Repository files navigation

Python Kubernetes Downscaler

GitHub Release GitHub License GitHub Issues Slack Workspace

This is a fork of the no longer maintained hjacobs/kube-downscaler.

Scale down / "pause" Kubernetes workload (Deployments, StatefulSets, HorizontalPodAutoscalers, DaemonSets, CronJobs, Jobs, PodDisruptionBudgets, Argo Rollouts and Keda ScaledObjects too !) during non-work hours.

Table of Contents generated with DocToc

Concepts

đź“ť Deployments are interchangeable by any kind of supported workload for this whole guide unless explicitly stated otherwise.

The complete list of supported workload is defined here.

Algorithm

py-kube-downscaler will scale down the deployment's replicas if all of the following conditions are met:

  • current time is not part of the "uptime" schedule or is part of the "downtime" schedule.

    If true, the schedules are evaluated in the following order:

    • downscaler/downscale-period or downscaler/downtime annotation on the workload definition
    • downscaler/upscale-period or downscaler/uptime annotation on the workload definition
    • downscaler/downscale-period or downscaler/downtime annotation on the workload's namespace
    • downscaler/upscale-period or downscaler/uptime annotation on the workload's namespace
    • --upscale-period or --default-uptime CLI argument
    • --downscale-period or --default-downtime CLI argument
    • UPSCALE_PERIOD or DEFAULT_UPTIME environment variable
    • DOWNSCALE_PERIOD or DEFAULT_DOWNTIME environment variable
  • The workload's namespace is not part of the exclusion list:

    • If you provide an exclusion list, it will be used in place of the default (which includes only kube-system).
  • The workload's label does not match the labels list.

  • The workload's name is not part of the exclusion list

  • The workload is not marked for exclusion (annotation downscaler/exclude: "true" or downscaler/exclude-until: "2024-04-05")

  • There are no active pods that force the whole cluster into uptime (annotation downscaler/force-uptime: "true")

Minimum replicas

The deployment, by default, will be scaled down to zero replicas. This can be configured with a deployment or its namespace's annotation of downscaler/downtime-replicas or via CLI with --downtime-replicas.

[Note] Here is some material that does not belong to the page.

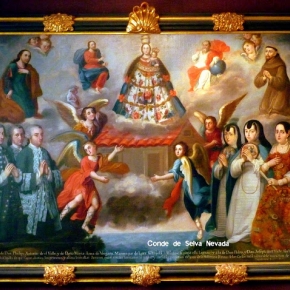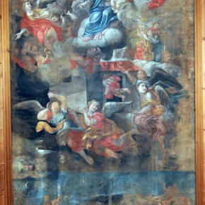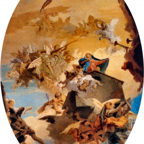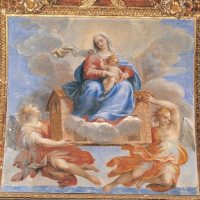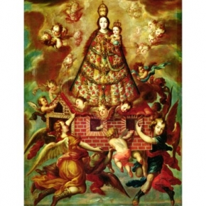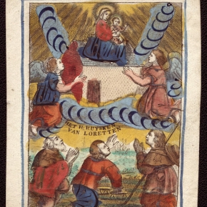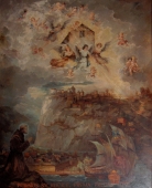 5. Mária háza a loretói kápolna részeként kegyszoborral látható. Nem táji környezetben jelenik meg ez a kép, hanem épületbelsőben. Előfordul, hogy felette apró jelenetben utalás történik a csodás angyali közreműködésre. A képen szentek, donátorok láthatók még.

Ex: downscaler/downtime-replicas: "1"

Specific workload

In case of HorizontalPodAutoscalers, the minReplicas field cannot be set to zero and thus downscaler/downtime-replicas should be at least 1.

-> See later in #Usage notes

Regarding CronJobs, their state will be defined to suspend: true as you might expect.

Example use cases

  • Deploy the downscaler to a test (non-prod) cluster with a default uptime or downtime time range to scale down all deployments during the night and weekend.
  • Deploy the downscaler to a production cluster without any default uptime/downtime setting and scale down specific deployments by setting the downscaler/uptime (or downscaler/downtime) annotation. This might be useful for internal tooling frontends which are only needed during work time.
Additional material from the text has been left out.